Crate streaming_decompression

source ·
Expand description

This crate contains a FallibleStreamingIterator optimized for decompressions.

A typical problem that libraries working with compressed formats face is that they need to preserve an intermediary buffer to decompress multiple items. Specifically, implementations that use

fn decompress(compressed: Vec<u8>) -> Vec<u8> {
    unimplemented!("Decompress")
}

are ineficient because they will need to allocate a new Vec<u8> for every decompression, and this allocation scales with the average decompressed size the items.
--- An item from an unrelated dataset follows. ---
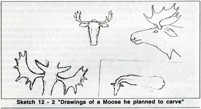 Rod carved the wild animals he had once trapped and shot for their fur and for their meat. He was completely conversant with the anatomy of beaver, fox, coyote, lynx, deer and moose (Picture 12 - 5) - he needed no lessons on body proportions, no suggestions that a leg should more correctly be aligned this way or that. He had worked with these animals so often, over so many years, it was second nature to him to know the shapeliness of the creatures he carved. They had been more than his quarry - they had been his livelihood, his companions - at times the only creatures he saw for days (Sketch 12 - 2).
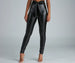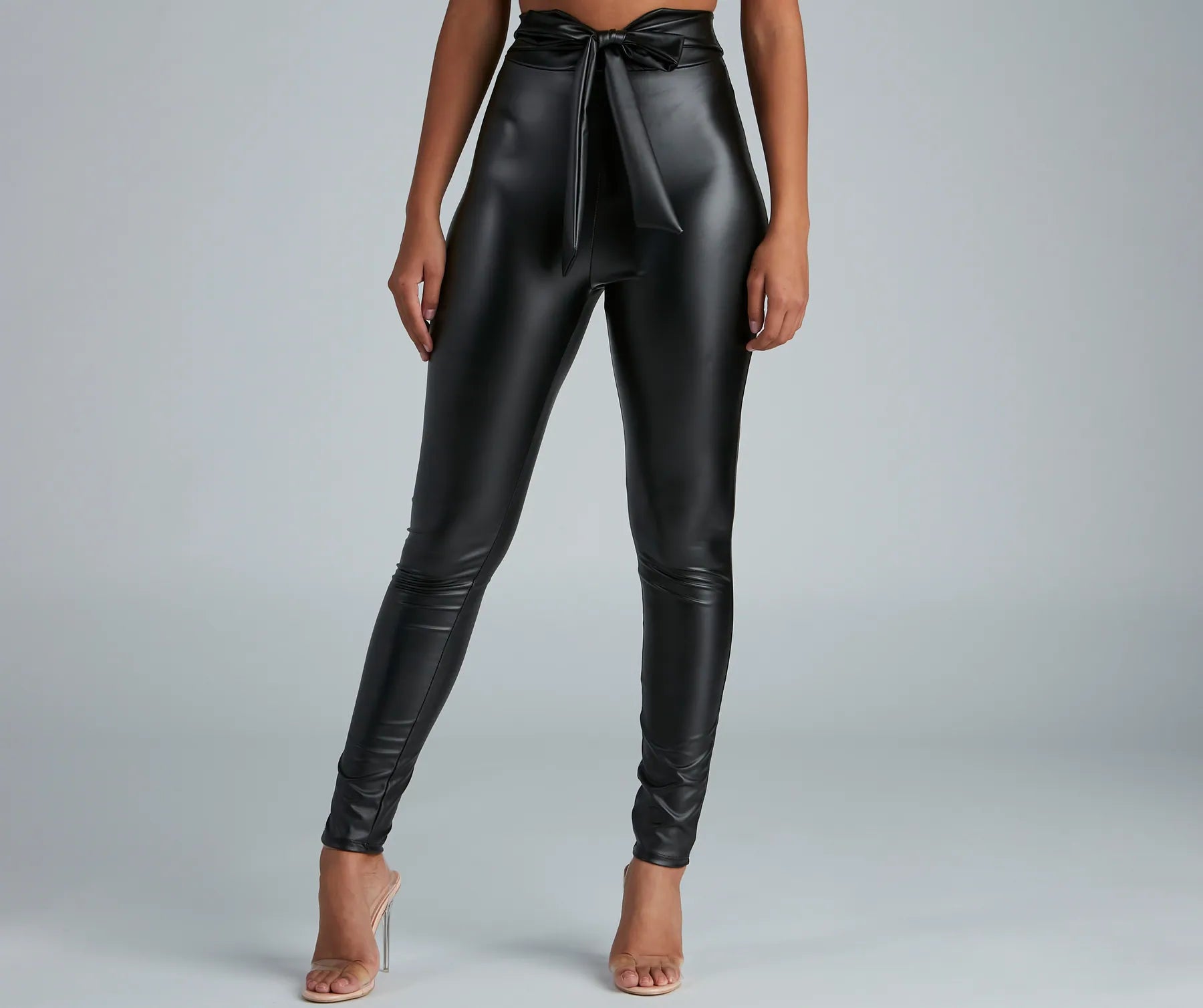 Showcase chic dressy vibes in these on-trend faux leather pants. They feature a high-rise waist with a cross-over V-shaped front design. a tie-front detail. skinny pant legs. and a form-hugging fit. Style these pants with a cute blouse and clear heels.

The typical solution for this problem is to offer

fn decompress(compressed: Vec<u8>, decompressed: &mut Vec<u8>) {
    decompressed.clear();
    unimplemented!("Decompress into `decompressed`, maybe re-allocing it.")
}

Such API avoids one allocation per item, but requires the user to deal with preserving decompressed between iterations. Such pattern is not possible to achieve with Iterator API atm.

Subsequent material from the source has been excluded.